Project description: classic data warehouse ETL

Challenge

For years the customer used a home grown ETL process to populate data warehouse from the OLTP database. They were using a combination of SQL scripts, shell scripts and Oracle sql*load scenarios. It was working rather well for them until they reached a point when ETL became really slow due to the amount of data which needed to be moved from the OLTP to OLAP database daily. The designated time window become too small and they were facing constant delays. Customer was looking for a solution which will allow them to use commodity hardware and massive parallel processing for ETL.

Solution

Customer developed a solution which is using ETL Framework together with Hadoop MapReduce engine. In the end, they managed to cut ETL time in half without investing in new expensive hardware. The transition from separate SQL scripts and sql*load scenarios was relatively easy because they used ability of the ETL framework to execute native SQL and Oracle sql*loader. They also used Data Explorer ETL edition to create scenarios in the Visual ETL designer.

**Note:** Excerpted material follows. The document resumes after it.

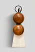 Cátodo de dos esferas en parota, condensa el equilibrio entre lo natural y lo espiritual. Dos esferas de madera, colocadas verticalmente sobre la base de ónix, canalizan una luz suave que respira con la calidez del material. Su diseño portátil y su asa superior permiten llevar la luz como un gesto cotidiano de armonía, uniendo la energía del fuego y la serenidad de la tierra.

Project description: universal database development tool

Challenge

Working as a freelancer this customer was looking for inexpensive universal database development tool. He had very specific requirements for the tool, such as support for certain databases and ability to work with packages and stored procedures. Most importantly, as he was dealing with a lot of different databases, he was looking for a tool with any-to-any data migration capabilities built-in. He also needed the ability to view and edit data directly in the tool, including CLOBs and BLOBs, complex data types and arrays. Intuitive and familiar drag and drop interface was also a plus.

Solution

Customer selected Data Explorer SQL edition. There are a lot of great products on the market, so the choice he made was not easy.  The main selling point was the Data Migration Wizard.  This easy to use any-to-any data migration tool is integrated directly into Data Explorer. Customer is now able to perform data conversions without wring a single line of code. The fact that other requirements were also met certainly helped.


Project description: educational tool

Challenge

As an educational institution customer needed a tool to teach database management courses for undergraduate students. One of the requirements was ability to view and search metadata such as database objects, constraints, etc. Also they needed an easy way to query database so visual query designer was a big plus.

Solution

Customer received a free site license for the Data Explorer Pro edition which was installed in several labs. Toolsverse used it as an opportunity to beta test many useful database development and database management features which are currently available in the product.

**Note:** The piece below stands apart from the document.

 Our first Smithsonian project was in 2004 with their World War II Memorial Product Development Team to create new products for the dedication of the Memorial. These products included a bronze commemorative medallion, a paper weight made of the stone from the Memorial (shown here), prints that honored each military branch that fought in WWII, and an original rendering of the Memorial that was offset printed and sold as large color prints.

Project description: integration testing and development support

Challenge

When developing a data driven application, creating an integration test can be a problem. You need to have data in a cohesive state in order to test reliably. Customer was experimenting with several testing frameworks such as DBUnit, but still was not satisfied. The data preparation process was mostly manual meaning that developers needed to describe all data needed for the test either in XML or by other means. Supporting tests become a full time job since every change in the database structure required changes in N amount of tests as well.

Solution

Customer developed integration testing framework which uses ETL Framework to prepare data for the tests. Particular cohesive sets of data are extracted upfront, zipped and later fed to the ETL Framework which updates data in the designated test database. The extract and load process are fully automated and require a small configuration file for each test or test suite. File includes table names and other parameters. Developers don’t need to include or exclude columns, think about dependencies, etc. Test database is getting flushed before continuous integration (CI) process runs entire test suite. Customer developed a large and growing list of ETL scenarios for different domains; as a positive side effect developers are now able to quickly get data from the production or QA environments to test and fix issues.